▸ Work instruction: Range to repeat from the listing below: the line containing "Aathichudi app –" down to the line containing "1 [Event Only]", both included. Copy it exactly, pictures excluded, and add nothing else.

▸ Data to process:
***

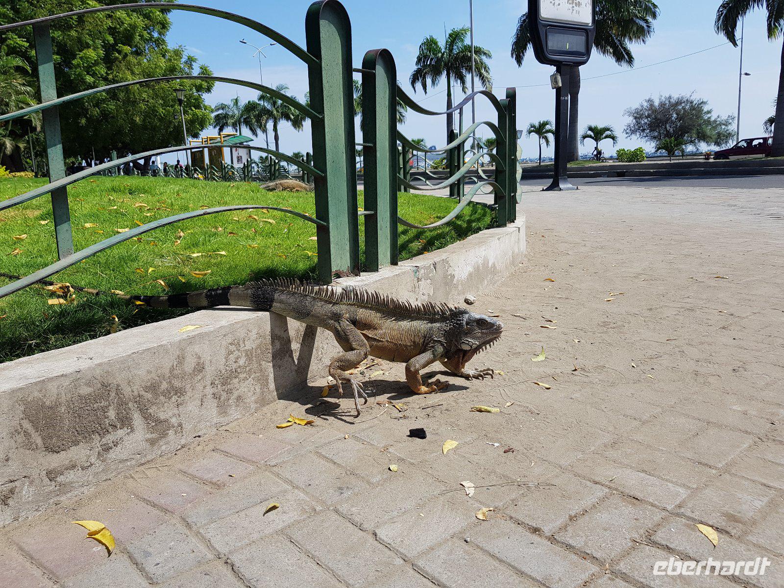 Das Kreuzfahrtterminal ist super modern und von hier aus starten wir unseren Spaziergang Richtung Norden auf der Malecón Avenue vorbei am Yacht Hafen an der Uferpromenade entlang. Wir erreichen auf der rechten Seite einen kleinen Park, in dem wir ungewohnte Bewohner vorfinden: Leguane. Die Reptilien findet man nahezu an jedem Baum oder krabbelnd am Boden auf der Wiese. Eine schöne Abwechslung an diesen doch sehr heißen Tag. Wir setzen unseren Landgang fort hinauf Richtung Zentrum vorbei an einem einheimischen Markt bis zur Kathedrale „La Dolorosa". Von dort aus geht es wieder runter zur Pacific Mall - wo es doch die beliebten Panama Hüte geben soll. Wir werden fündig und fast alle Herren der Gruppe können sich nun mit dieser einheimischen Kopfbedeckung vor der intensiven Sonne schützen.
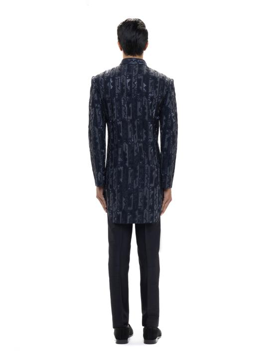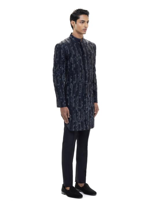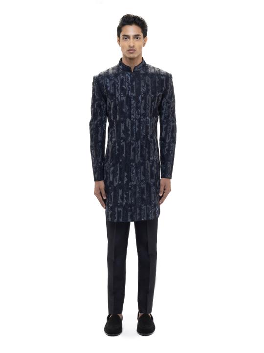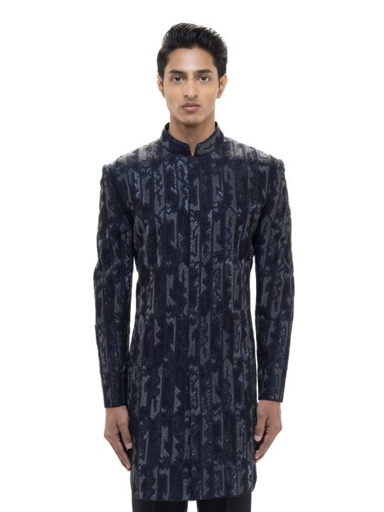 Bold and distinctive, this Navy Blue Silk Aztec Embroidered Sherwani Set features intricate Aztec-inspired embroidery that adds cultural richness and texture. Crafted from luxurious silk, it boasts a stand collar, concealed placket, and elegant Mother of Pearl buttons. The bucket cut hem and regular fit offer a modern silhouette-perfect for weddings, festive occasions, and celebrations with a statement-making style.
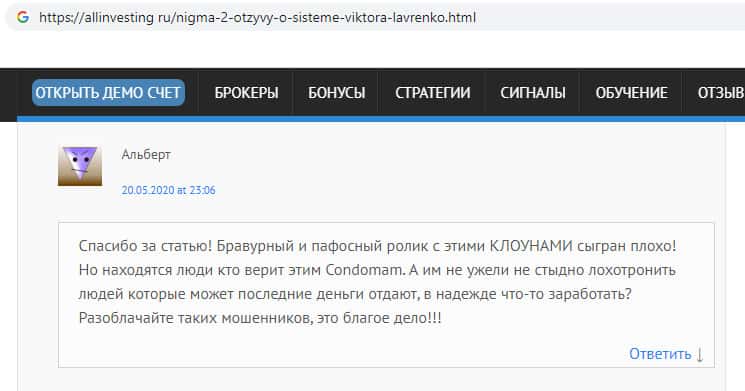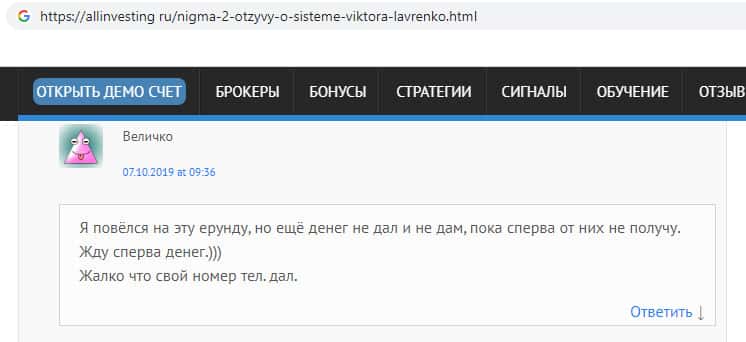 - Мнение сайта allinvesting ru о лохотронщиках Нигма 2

***

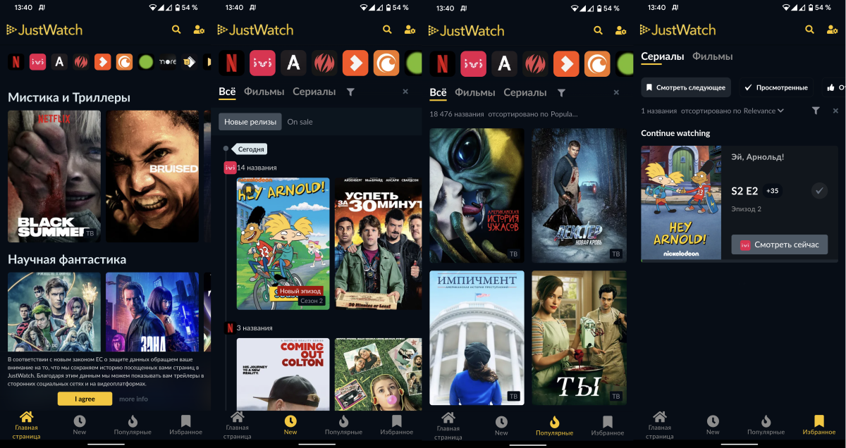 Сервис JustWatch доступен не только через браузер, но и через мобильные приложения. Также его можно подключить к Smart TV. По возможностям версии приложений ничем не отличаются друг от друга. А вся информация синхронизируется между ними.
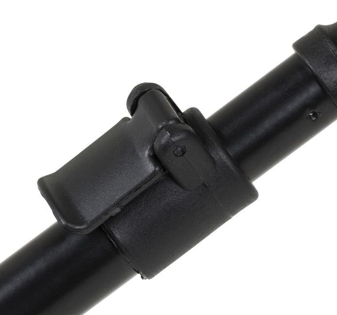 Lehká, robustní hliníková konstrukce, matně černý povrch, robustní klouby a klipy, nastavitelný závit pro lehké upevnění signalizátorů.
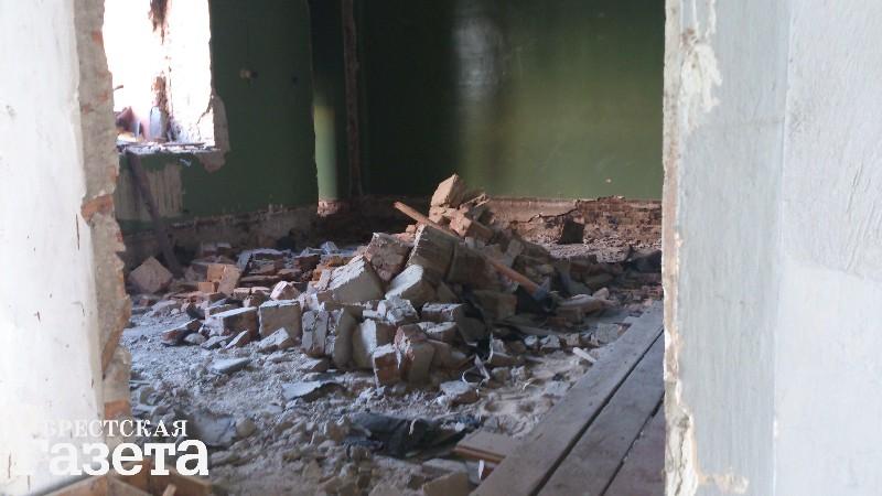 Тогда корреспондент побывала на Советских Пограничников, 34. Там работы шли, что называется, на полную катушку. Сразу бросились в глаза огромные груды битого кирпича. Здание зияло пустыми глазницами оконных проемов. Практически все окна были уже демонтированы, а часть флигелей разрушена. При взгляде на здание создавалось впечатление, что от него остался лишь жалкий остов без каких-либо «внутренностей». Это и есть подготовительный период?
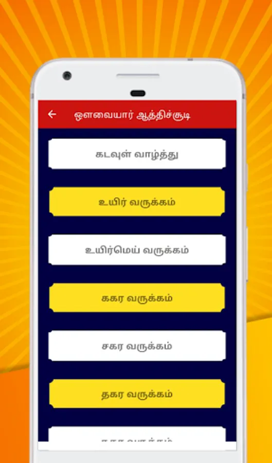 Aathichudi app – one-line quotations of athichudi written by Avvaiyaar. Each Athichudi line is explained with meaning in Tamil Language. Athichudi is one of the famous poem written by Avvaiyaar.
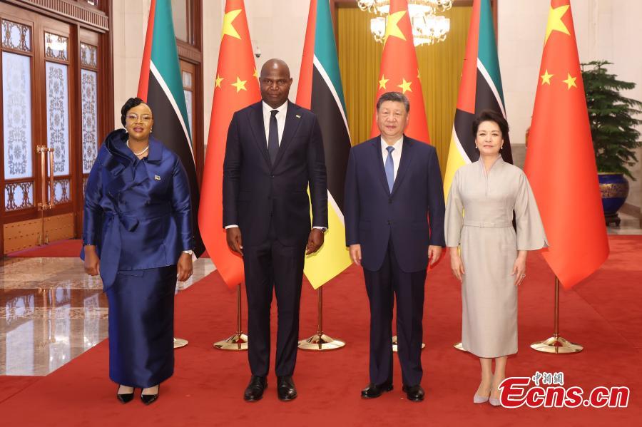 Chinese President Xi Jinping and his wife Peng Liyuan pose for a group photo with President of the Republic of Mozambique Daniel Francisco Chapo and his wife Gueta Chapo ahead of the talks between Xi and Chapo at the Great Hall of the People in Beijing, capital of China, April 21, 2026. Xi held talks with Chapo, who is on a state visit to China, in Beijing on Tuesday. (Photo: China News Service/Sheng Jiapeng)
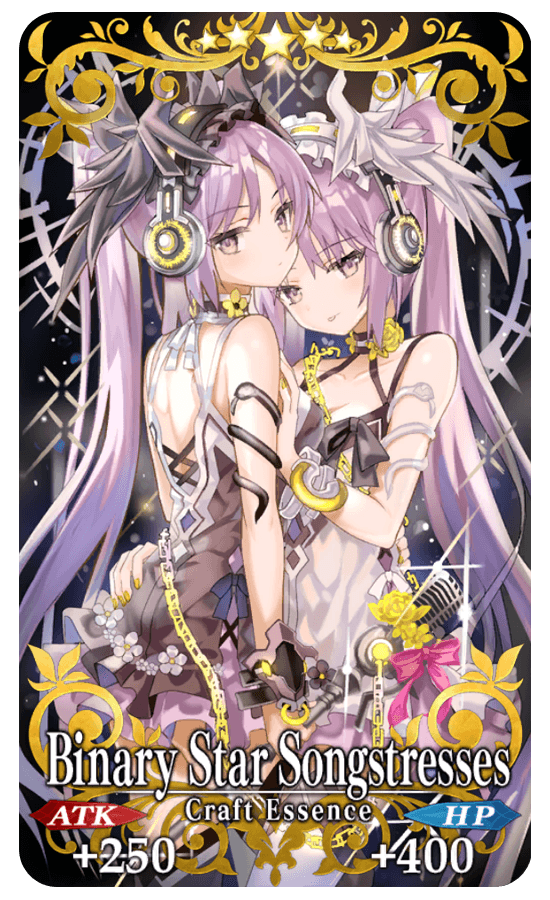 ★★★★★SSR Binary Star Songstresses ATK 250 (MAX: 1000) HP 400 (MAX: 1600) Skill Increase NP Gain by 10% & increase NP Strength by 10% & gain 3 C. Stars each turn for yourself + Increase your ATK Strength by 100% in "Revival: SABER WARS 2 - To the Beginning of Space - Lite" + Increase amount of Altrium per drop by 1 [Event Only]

***

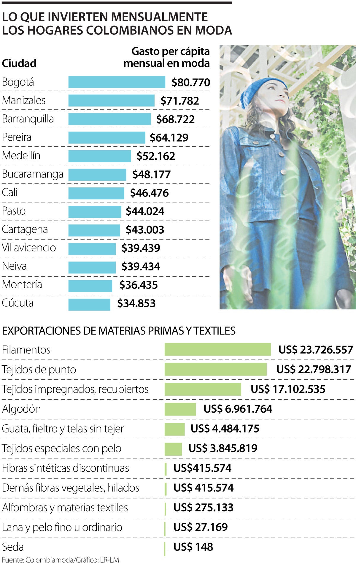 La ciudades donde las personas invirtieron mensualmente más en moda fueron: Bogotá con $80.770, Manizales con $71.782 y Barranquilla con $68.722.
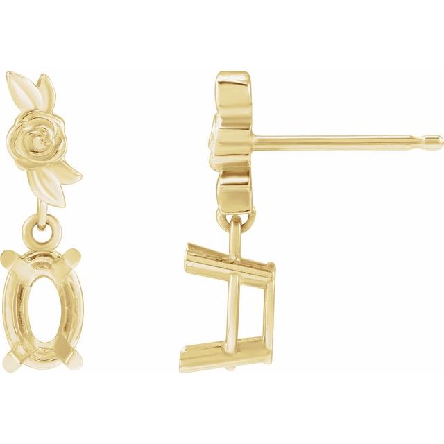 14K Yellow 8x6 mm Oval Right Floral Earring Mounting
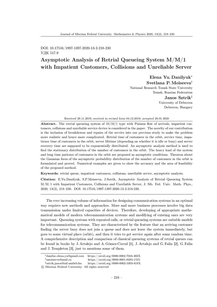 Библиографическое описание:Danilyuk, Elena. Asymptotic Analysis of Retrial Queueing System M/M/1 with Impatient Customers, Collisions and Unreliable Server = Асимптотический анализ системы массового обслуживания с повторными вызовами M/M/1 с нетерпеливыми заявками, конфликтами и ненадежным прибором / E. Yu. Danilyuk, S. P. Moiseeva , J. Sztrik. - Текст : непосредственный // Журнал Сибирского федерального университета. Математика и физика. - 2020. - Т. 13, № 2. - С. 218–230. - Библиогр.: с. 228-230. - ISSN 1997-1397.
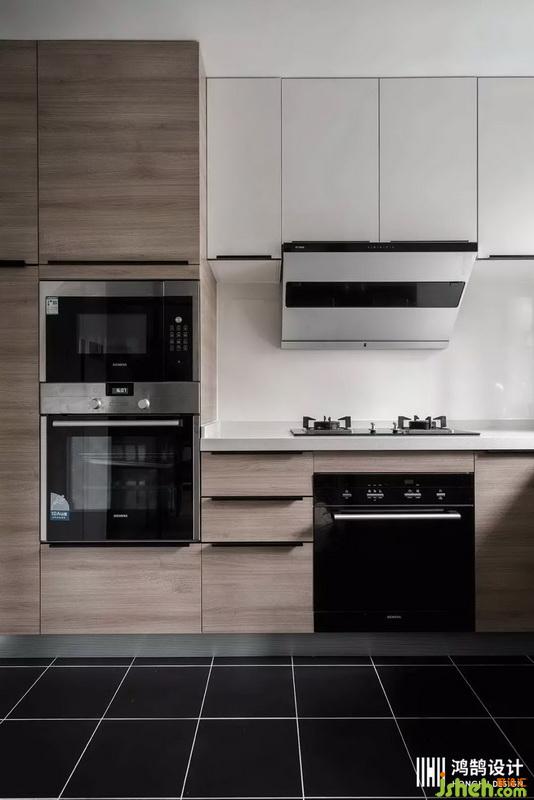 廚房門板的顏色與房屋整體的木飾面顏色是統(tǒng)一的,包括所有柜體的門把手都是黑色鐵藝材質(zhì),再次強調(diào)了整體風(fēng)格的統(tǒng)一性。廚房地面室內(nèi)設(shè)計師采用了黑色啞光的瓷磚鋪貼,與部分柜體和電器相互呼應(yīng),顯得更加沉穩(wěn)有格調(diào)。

***

▸ Response to this exercise:
 Aathichudi app – one-line quotations of athichudi written by Avvaiyaar. Each Athichudi line is explained with meaning in Tamil Language. Athichudi is one of the famous poem written by Avvaiyaar.
 Chinese President Xi Jinping and his wife Peng Liyuan pose for a group photo with President of the Republic of Mozambique Daniel Francisco Chapo and his wife Gueta Chapo ahead of the talks between Xi and Chapo at the Great Hall of the People in Beijing, capital of China, April 21, 2026. Xi held talks with Chapo, who is on a state visit to China, in Beijing on Tuesday. (Photo: China News Service/Sheng Jiapeng)
 ★★★★★SSR Binary Star Songstresses ATK 250 (MAX: 1000) HP 400 (MAX: 1600) Skill Increase NP Gain by 10% & increase NP Strength by 10% & gain 3 C. Stars each turn for yourself + Increase your ATK Strength by 100% in "Revival: SABER WARS 2 - To the Beginning of Space - Lite" + Increase amount of Altrium per drop by 1 [Event Only]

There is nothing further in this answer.